Absolutely agreed on all counts. I am cynical as well. Oatmeal good, maybe not, coffee bad, maybe not. Nutritionism is a particularly inexact discipline.
OTOH, one thing we have
determined is that trans-fats and hydrogenated oils (both of which are industrially and artificially produced) are significant contributors to heart disease.
As for the discussion at hand. I'm in no way saying all cancer is self inflicted. Unless I missread you post, you were arguing that the bismark system was better and listed off a bunch of different stats i should look at. To which I replied, I don't buy that those different stats would be a good indication of the quality or lack of quality in comparison of a certain system. One of the things you listed were cancer rates. And this is where I said that I don't think hospitals have anything to do with person x catching cancer...
Again, I agree. There is a larger picture that has to be taken into consideration. Among the variables are: Incidence of cancers, heart disease and diabetes; rates of cure of each of those; known or implied causes; cost per capita of either prevention or cure, etc. (Oh krikey, I just used semi-colons...)

In each of those situations, however, it is arguable whether the US is better at treatment than the "competition" and it is arguable as well, at what comparitive overall societal cost.

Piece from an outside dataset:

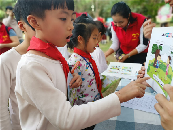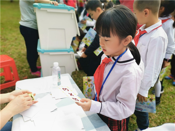 據(jù)悉,本次活動(dòng)以闖關(guān)的形式,每年級(jí)各分10個(gè)關(guān)卡,每闖一關(guān)就獲得一個(gè)能量動(dòng)物或者能量植物填補(bǔ)闖關(guān)卡的空白,各年級(jí)的學(xué)生需要在半小時(shí)內(nèi)將闖關(guān)卡的空白處填滿,才算闖關(guān)成功,獲得有校長(zhǎng)贈(zèng)言的書籍一本。關(guān)卡的設(shè)置以語(yǔ)文、數(shù)學(xué)和英語(yǔ)三個(gè)科別組成,其中,最受孩子們青睞的要數(shù)“筆架說(shuō)話”這個(gè)關(guān)卡,孩子們把自己相像成筆架山的一員,然后介紹自己,有同學(xué)說(shuō):“我是筆架山的大樹,我可以給大家遮蔭,讓大家不用被太陽(yáng)曬到?!薄ⅰ拔沂枪P架山的石頭,孩子們來(lái)筆架山玩的時(shí)候,可以把我們拼在一起做拼圖。”、“我想成為筆架山的暗綠繡眼鳥,就是嘴巴尖尖的,頭上綠綠的,眼睛邊上有點(diǎn)白色的那種,我要站在筆架山的枝頭上盡情歌唱,紅紅的火焰花為我做背景!”......孩子們通過(guò)豐富的相信力,盡情在老師與家長(zhǎng)義工面前展現(xiàn)臨場(chǎng)的表達(dá)能力。

It is also worth considering whether an Oz. of prevention is really worth a Lb. of cure. E.g. Wonder Bread helps "build a body 8 ways™." Trouble is, unbleached wheat flour contains 23 naturally occuring vitamins, minerals and amino acids, all of which the bleaching process removes. Almost 1/3 of them are then replaced with chemically manufactured substitutes, most of which are artificially produced right hand, vs. naturally occuring left hand, molecules. Cyclamates and saccharides are generally mirror images of naturally occuring molecules. The tongue (sorta) can't tell the difference, but the body has no idea how to process it. Good thing, or bad thing?